The RMSE is 4.06, which indicates that the predictions were off by an average of 4.06 years compared to the actual life expectancy values.

If some countries have very large residuals, it lowers our confidence in the accuracy of life expectancy predictions for those countries.

One thing I might investigate further is adding more predictors to see if we can improve the accuracy of our predictions as much as possible.

Step 6:

Hypothetical Example (Multicollinearity in Multiple Regression) Suppose you are analyzing the AllCountries dataset and fit a multiple linear regression model to predict CO2 emissions (metric tons per capita) using Energy (kilotons of oil equivalent) and Electricity (kWh per capita) as predictors. You notice that Energy and Electricity are highly correlated. Explain how this multicollinearity might affect the interpretation of the regression coefficients and the reliability of the model.

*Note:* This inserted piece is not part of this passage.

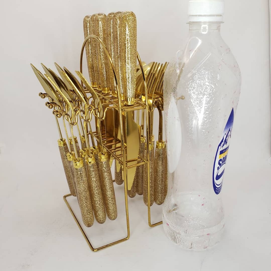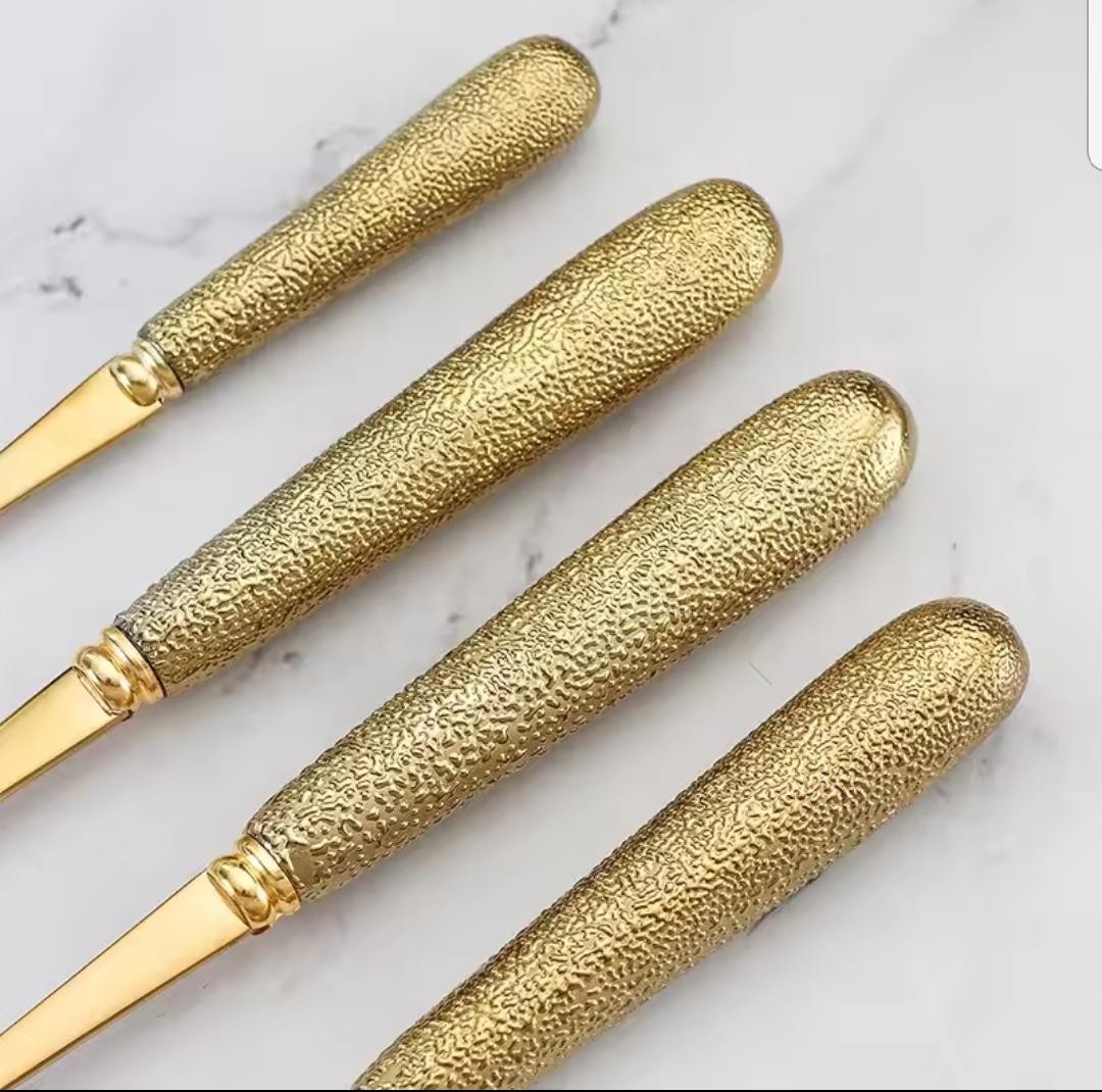 أضيفي لمسة من الأناقة والفخامة إلى مائدتك مع طقم أدوات الطعام الذهبي المميز المكوّن من 24 قطعة.

If we notice that Energy and Electricity are highly correlated, it means these variables are dependent on each other. This affects our results because we wouldn’t know which variable is responsible for the change in CO emissions. It also impacts the interpretation of the regression coefficients, since the coefficients for Energy and Electricity can become unstable with even a small change in the data could cause the results to change dramatically. This lowers the reliability of the model, because while the overall predictions might still be accurate, we would not be sure which variable contributes more to the outcome.